Clones- precise genetic copies of living creatures – used to be the stuff of science fiction. They are now a reality: a South Korean company has just launched its dog cloning service in the UK. For £63000, they will create a carbon-copy of your pet, either from a biopsy of a living dog, or from tissue harvested from a recently deceased animal.
If you cannot afford this, one lucky owner is being offered a genetic replica of their dog for free. An online competition is currently underway, and the entire process, from start to finish, will be filmed for a Channel 4 documentary which will be shown next year.
The science behind the process is fascinating. A small piece of living tissue is obtained from a pet by collecting a small skin biopsy from the back of the neck or the inside of the leg. If the decision to carry out cloning is taken after the end of a dog’s life, it’s not too late: a viable sample can be collected up to five days after a dog’s death. The samples are shipped in refrigerated containers to the cloning company.

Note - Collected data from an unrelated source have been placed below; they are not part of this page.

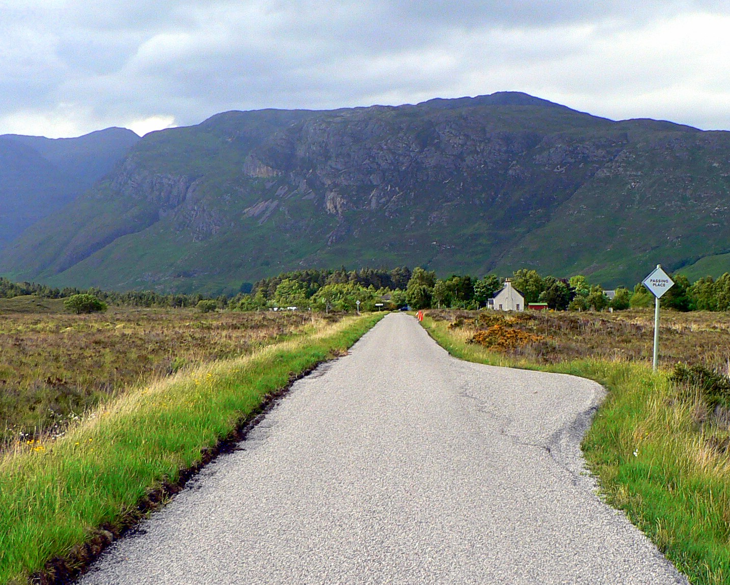 Single-track road near Kinlochewe in Torridon, Scotish Highlands.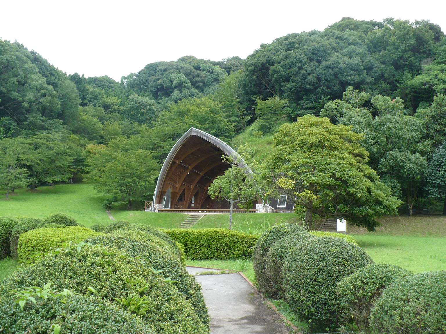 The central plaza and the outdoor music stage of Kagoshima prefectural forest, Aira, Kagoshima, Japan.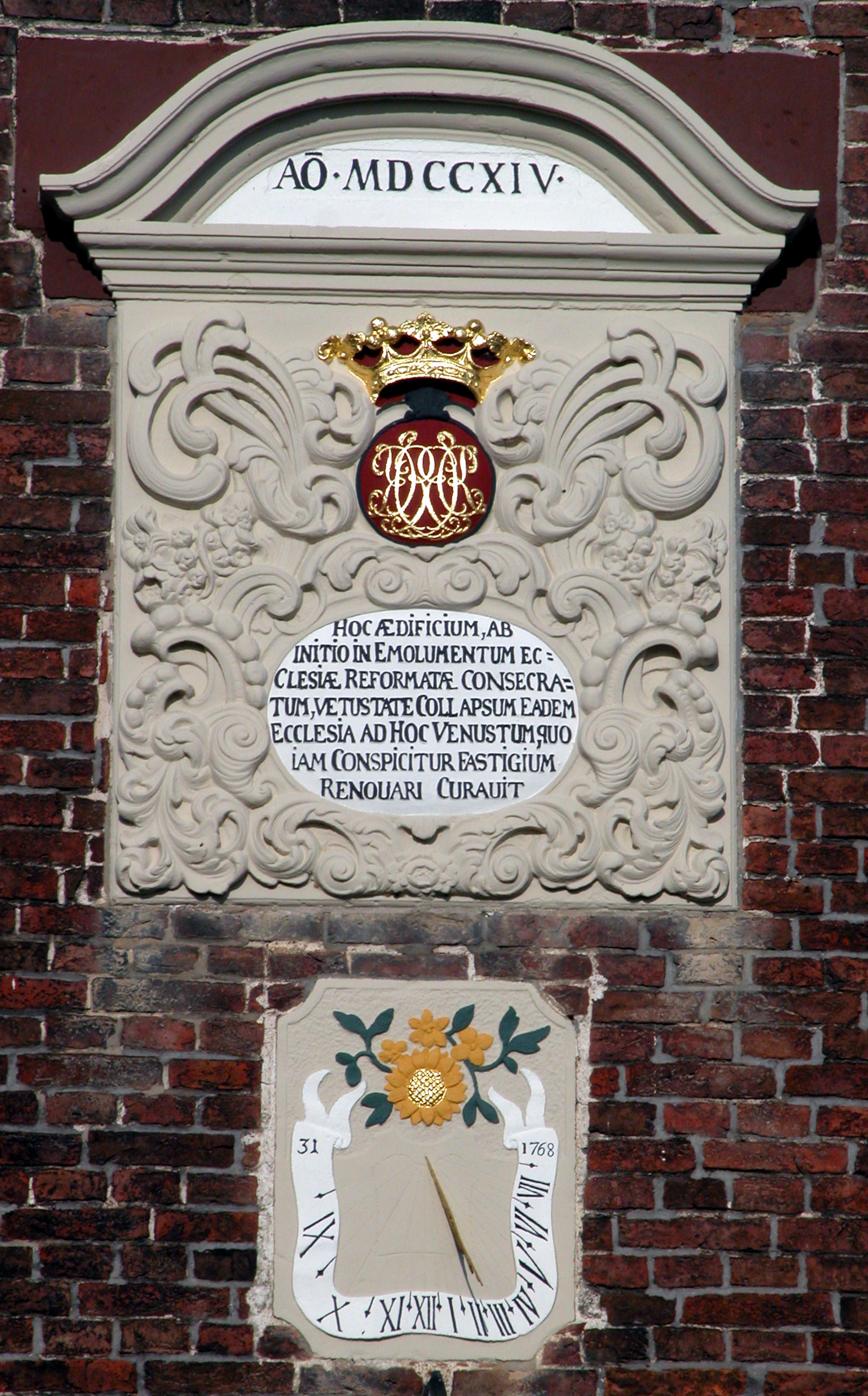 Coat of Arms and Sundial at Leer in Lower Saxony / Germany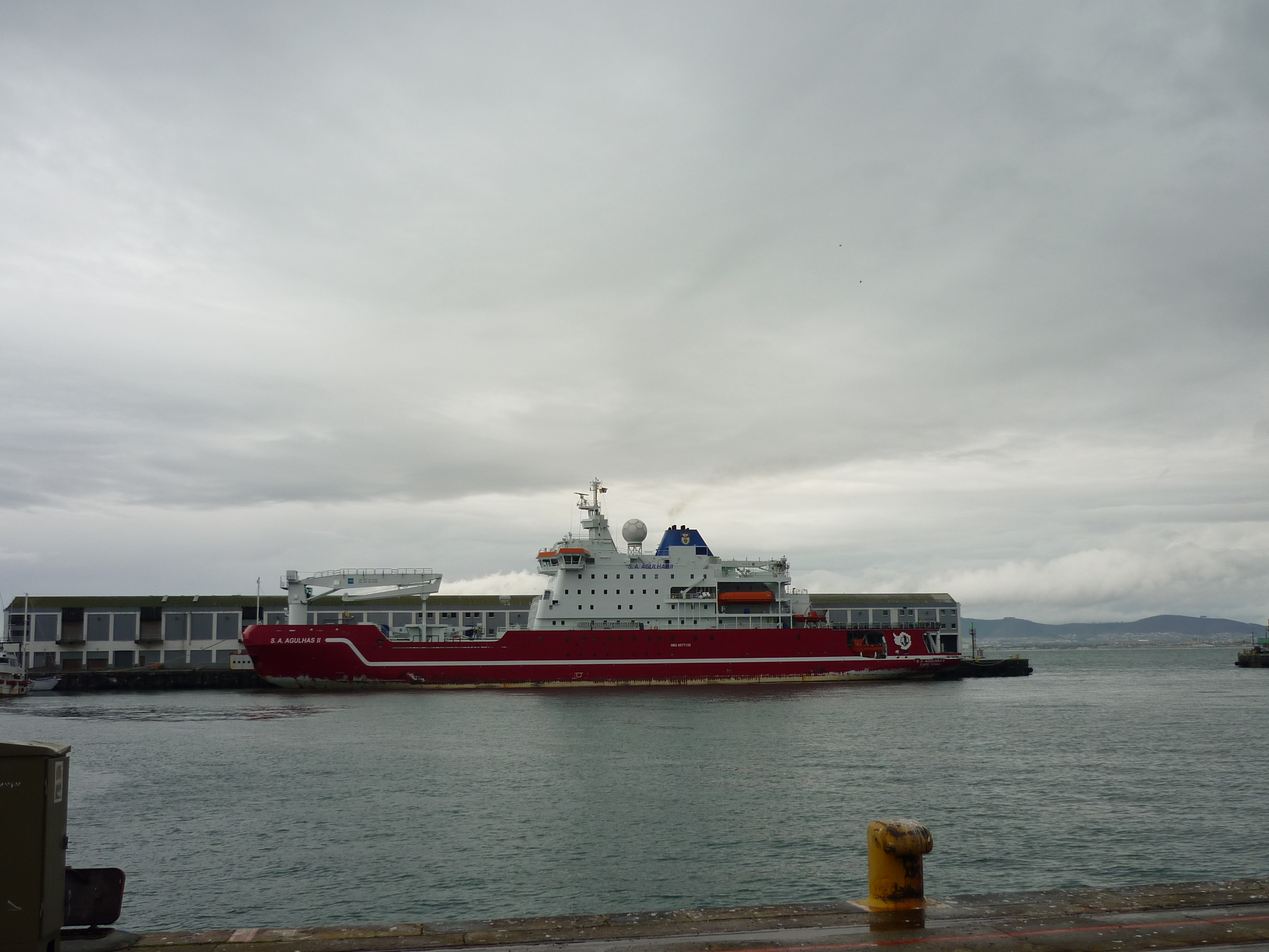 SA Agulhas II in Cape Town Harbour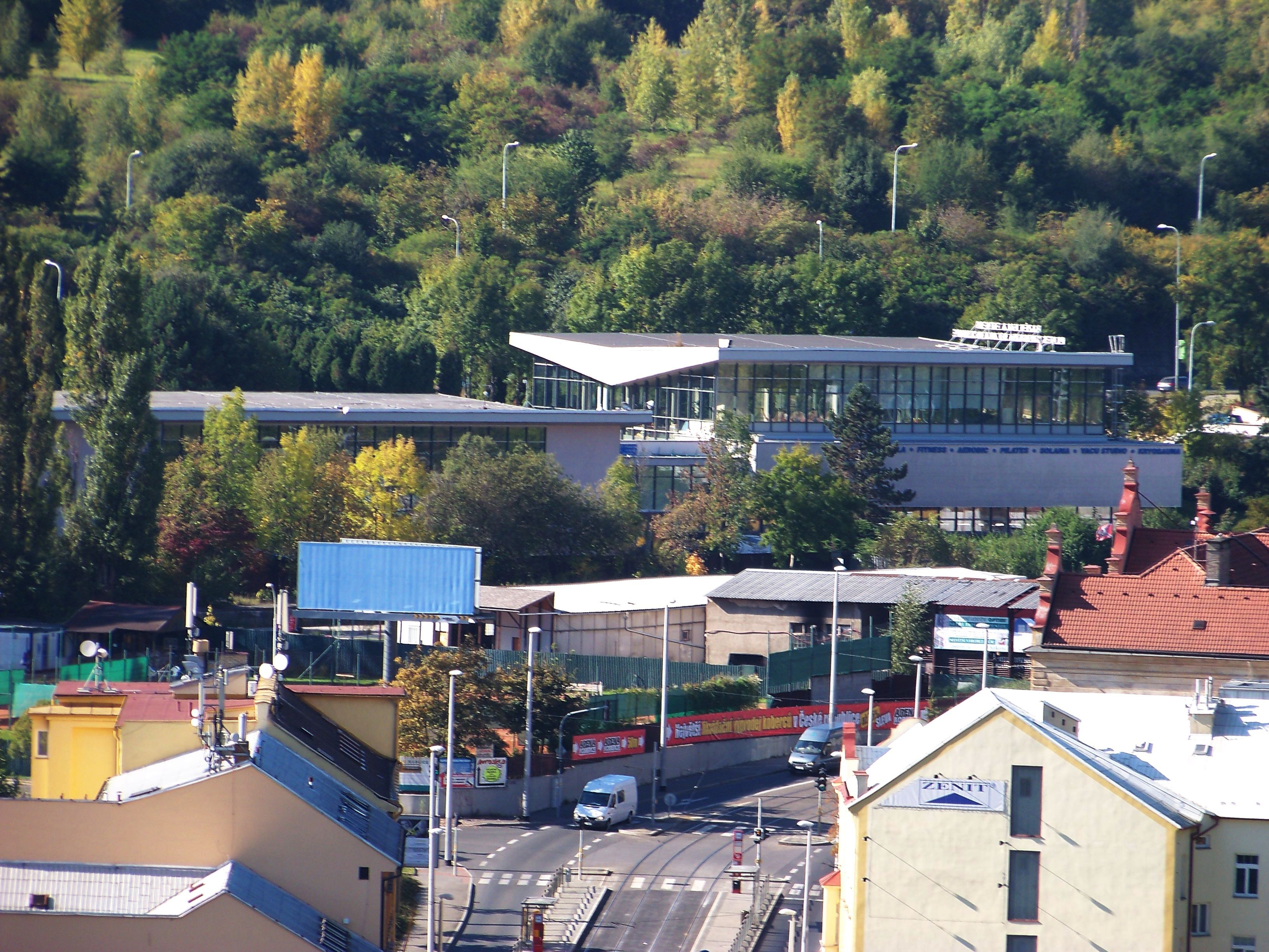 Prague-Smíchov, the Czech Republic. A view from Paví vrch to the Radlice swimming hall.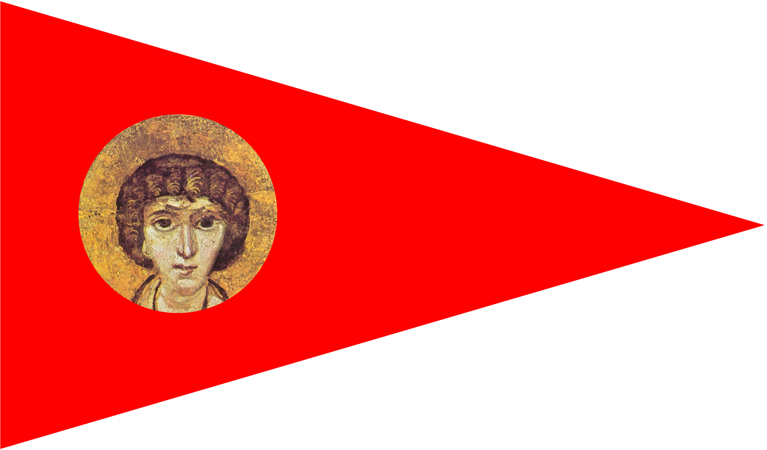 The war banner of the Ghassanid state, bearing the picture of St.Sergius. Re-made by Stgbarcher.* New image of St.Sergius etc.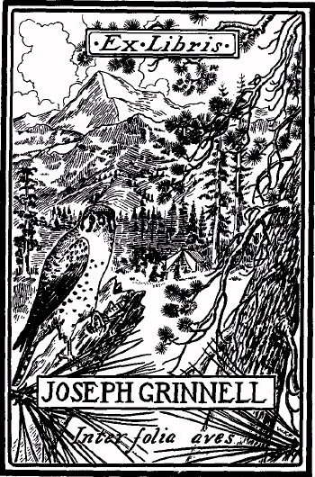 A punning book plate by Walter Fisher for ornithologist Joseph Grinnell's bird book. Designed by Walter K. Fisher in 1907 and first printed by Charles A. Nace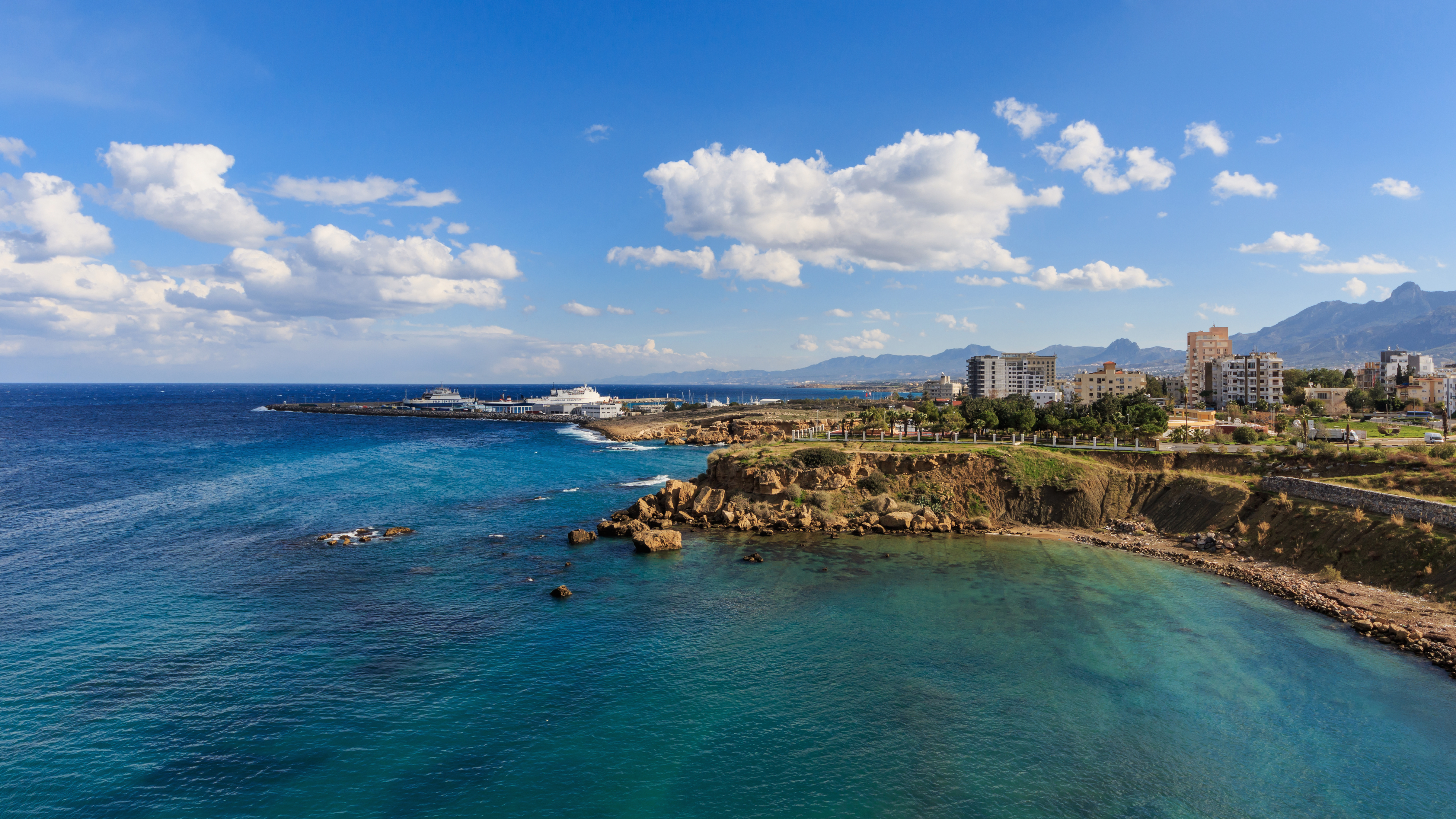 View towards the new harbour from the castle in Kyrenia, Cyprus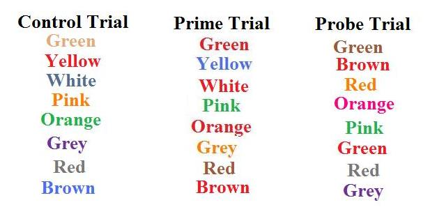 Experiment used to find negative priming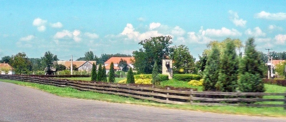 Kisar, 4921 Hungary

The cloning company has residential female dogs who act as egg donors: when they come into season, eggs are collected from their ovaries by a flushing process. The genetic material (the nuclei) of each donor egg is removed, and one of the living cells from your pet is injected into each egg. The egg and your pet’s cell are then fused together, and the result is a cloned embryo, which is an identical genetic copy of your dog. The embryo is transferred into a different female dog, who will carry the embryo in her womb until it develops into a newborn puppy. Samples are then collected from the puppy to compare with your original dog, to confirm that the puppy is definitely an identical genetic copy.
There are many questions about the science, including welfare concerns for the donor and surrogate female dogs, and the wider issue of the possibility of the same methods being used to create cloned humans. If you reached old age without children, wouldn’t it be intriguing to create a child that’s a mini version of yourself? You could then die in peace, knowing that “you” were still alive and seventy years younger.
The science and the ethical debates are interesting, but what about the practical reality of acquiring a precise copy of a beloved pet? Would a cloned version of your dog live up to your expectations?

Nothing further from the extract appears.